Task prompt: Below are some records. Retype exactly the lines from the one containing "校党委副书记孟钟捷在讲话中结" through the one containing "Jedná se o oboustranně", both included, skipping every picture.

· · · · ·

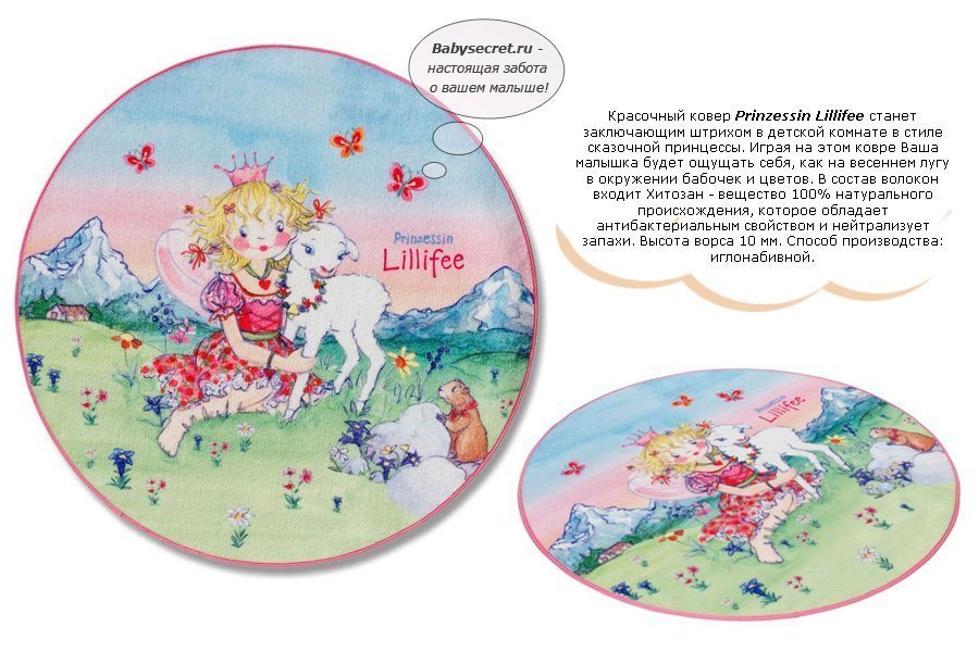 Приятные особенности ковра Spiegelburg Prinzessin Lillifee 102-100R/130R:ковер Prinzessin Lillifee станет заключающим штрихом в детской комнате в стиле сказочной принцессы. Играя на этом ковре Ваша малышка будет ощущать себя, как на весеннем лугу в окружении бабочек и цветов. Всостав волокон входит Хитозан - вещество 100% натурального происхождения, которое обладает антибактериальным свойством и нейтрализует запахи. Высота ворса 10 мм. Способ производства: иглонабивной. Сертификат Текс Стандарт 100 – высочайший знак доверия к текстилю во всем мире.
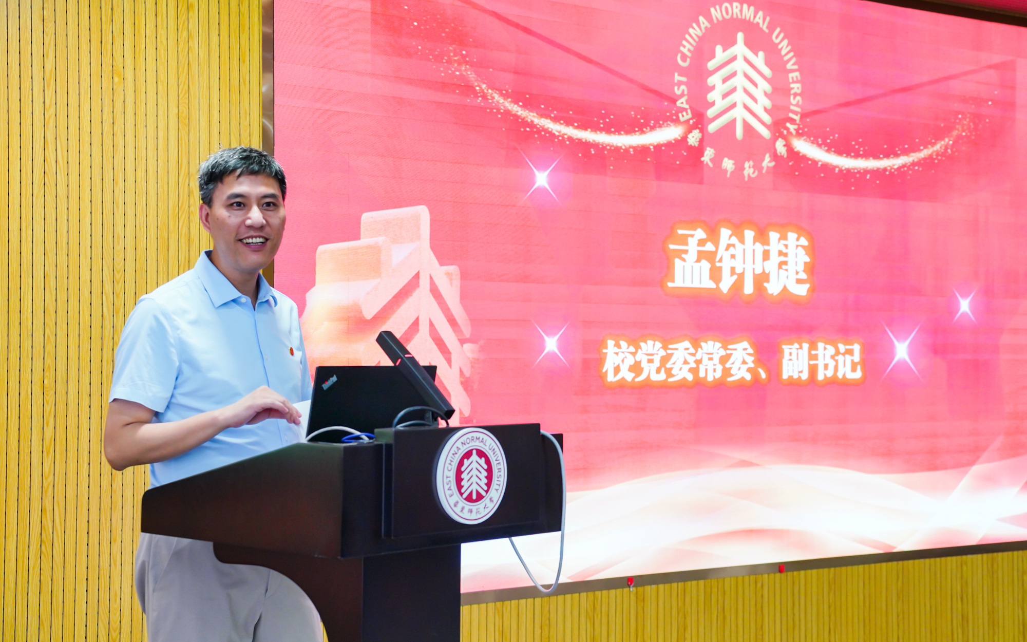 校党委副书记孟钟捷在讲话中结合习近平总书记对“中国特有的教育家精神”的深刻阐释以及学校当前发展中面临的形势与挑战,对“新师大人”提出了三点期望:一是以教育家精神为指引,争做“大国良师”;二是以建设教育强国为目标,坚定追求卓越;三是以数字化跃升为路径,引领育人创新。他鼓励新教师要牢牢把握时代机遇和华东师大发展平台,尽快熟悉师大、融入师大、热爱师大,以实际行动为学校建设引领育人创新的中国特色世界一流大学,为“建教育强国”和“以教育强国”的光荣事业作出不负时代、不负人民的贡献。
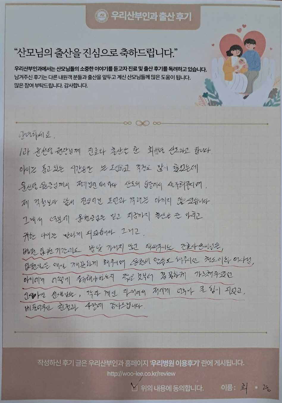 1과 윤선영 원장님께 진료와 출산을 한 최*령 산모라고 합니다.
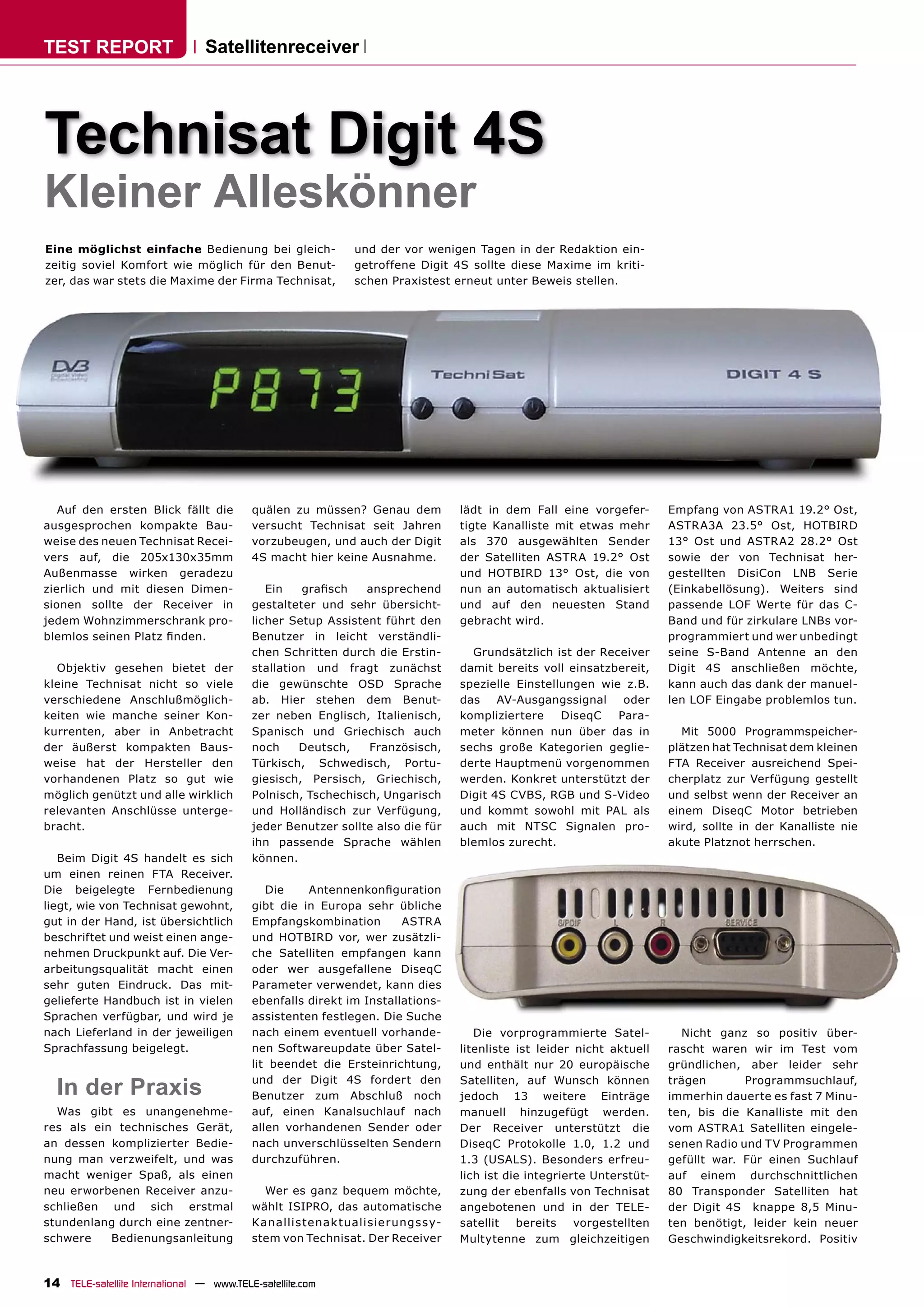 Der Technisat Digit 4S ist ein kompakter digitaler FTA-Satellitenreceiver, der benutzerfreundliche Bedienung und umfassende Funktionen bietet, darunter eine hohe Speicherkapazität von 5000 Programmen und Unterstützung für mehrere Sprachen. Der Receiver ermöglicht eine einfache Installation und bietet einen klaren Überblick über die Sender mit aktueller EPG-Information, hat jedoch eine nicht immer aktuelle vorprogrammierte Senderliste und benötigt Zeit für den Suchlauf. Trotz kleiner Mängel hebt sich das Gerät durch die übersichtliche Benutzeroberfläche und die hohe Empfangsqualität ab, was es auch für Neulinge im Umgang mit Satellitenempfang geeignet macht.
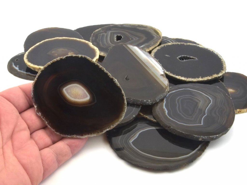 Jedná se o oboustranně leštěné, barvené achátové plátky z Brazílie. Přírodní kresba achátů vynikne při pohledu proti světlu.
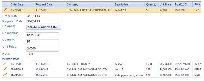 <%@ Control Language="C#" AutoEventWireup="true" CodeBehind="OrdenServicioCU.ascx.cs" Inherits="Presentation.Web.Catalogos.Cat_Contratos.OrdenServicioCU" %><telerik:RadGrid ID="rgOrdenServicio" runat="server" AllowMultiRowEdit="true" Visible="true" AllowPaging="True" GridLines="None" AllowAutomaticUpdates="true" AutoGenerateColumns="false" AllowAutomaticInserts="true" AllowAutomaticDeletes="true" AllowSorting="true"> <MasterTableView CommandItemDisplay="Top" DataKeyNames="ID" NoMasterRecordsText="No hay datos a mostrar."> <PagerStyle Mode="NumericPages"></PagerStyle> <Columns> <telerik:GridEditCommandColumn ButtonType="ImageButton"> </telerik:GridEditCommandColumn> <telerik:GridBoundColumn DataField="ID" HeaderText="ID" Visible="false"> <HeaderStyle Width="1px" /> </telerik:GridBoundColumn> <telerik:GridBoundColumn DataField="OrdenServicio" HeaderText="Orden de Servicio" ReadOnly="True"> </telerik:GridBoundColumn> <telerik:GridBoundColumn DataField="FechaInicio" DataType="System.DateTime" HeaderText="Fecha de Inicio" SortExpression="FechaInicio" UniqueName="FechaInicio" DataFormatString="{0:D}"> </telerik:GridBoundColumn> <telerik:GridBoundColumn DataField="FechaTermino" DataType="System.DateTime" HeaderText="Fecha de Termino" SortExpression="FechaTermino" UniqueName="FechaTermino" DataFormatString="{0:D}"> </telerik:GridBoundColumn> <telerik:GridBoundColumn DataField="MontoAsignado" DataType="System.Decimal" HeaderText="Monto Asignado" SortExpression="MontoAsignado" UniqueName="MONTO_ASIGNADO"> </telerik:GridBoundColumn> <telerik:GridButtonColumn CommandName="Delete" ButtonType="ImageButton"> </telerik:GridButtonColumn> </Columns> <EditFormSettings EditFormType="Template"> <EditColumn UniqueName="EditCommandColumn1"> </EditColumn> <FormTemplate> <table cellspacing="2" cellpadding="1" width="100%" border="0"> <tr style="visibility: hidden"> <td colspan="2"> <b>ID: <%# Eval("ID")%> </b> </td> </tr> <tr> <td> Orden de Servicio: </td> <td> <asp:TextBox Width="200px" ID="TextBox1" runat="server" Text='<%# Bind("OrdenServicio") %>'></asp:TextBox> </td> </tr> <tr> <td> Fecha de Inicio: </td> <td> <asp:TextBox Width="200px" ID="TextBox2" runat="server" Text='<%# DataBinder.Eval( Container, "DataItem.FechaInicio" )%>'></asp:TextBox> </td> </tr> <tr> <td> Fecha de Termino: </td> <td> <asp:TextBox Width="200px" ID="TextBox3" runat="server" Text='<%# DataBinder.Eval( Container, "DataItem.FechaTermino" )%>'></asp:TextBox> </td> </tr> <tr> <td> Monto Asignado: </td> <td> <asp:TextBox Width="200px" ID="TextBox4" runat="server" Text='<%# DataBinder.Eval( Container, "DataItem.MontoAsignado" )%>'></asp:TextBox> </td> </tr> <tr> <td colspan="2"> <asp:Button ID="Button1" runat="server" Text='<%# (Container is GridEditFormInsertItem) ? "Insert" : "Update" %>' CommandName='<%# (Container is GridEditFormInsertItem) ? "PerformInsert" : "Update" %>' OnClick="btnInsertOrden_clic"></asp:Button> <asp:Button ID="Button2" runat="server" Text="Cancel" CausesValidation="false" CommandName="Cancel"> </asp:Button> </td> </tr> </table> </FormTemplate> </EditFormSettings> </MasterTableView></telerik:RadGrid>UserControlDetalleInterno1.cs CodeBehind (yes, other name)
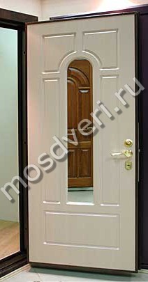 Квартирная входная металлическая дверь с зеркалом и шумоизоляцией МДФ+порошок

· · · · ·

Written response:
 校党委副书记孟钟捷在讲话中结合习近平总书记对“中国特有的教育家精神”的深刻阐释以及学校当前发展中面临的形势与挑战,对“新师大人”提出了三点期望:一是以教育家精神为指引,争做“大国良师”;二是以建设教育强国为目标,坚定追求卓越;三是以数字化跃升为路径,引领育人创新。他鼓励新教师要牢牢把握时代机遇和华东师大发展平台,尽快熟悉师大、融入师大、热爱师大,以实际行动为学校建设引领育人创新的中国特色世界一流大学,为“建教育强国”和“以教育强国”的光荣事业作出不负时代、不负人民的贡献。
 1과 윤선영 원장님께 진료와 출산을 한 최*령 산모라고 합니다.
 Der Technisat Digit 4S ist ein kompakter digitaler FTA-Satellitenreceiver, der benutzerfreundliche Bedienung und umfassende Funktionen bietet, darunter eine hohe Speicherkapazität von 5000 Programmen und Unterstützung für mehrere Sprachen. Der Receiver ermöglicht eine einfache Installation und bietet einen klaren Überblick über die Sender mit aktueller EPG-Information, hat jedoch eine nicht immer aktuelle vorprogrammierte Senderliste und benötigt Zeit für den Suchlauf. Trotz kleiner Mängel hebt sich das Gerät durch die übersichtliche Benutzeroberfläche und die hohe Empfangsqualität ab, was es auch für Neulinge im Umgang mit Satellitenempfang geeignet macht.
 Jedná se o oboustranně leštěné, barvené achátové plátky z Brazílie. Přírodní kresba achátů vynikne při pohledu proti světlu.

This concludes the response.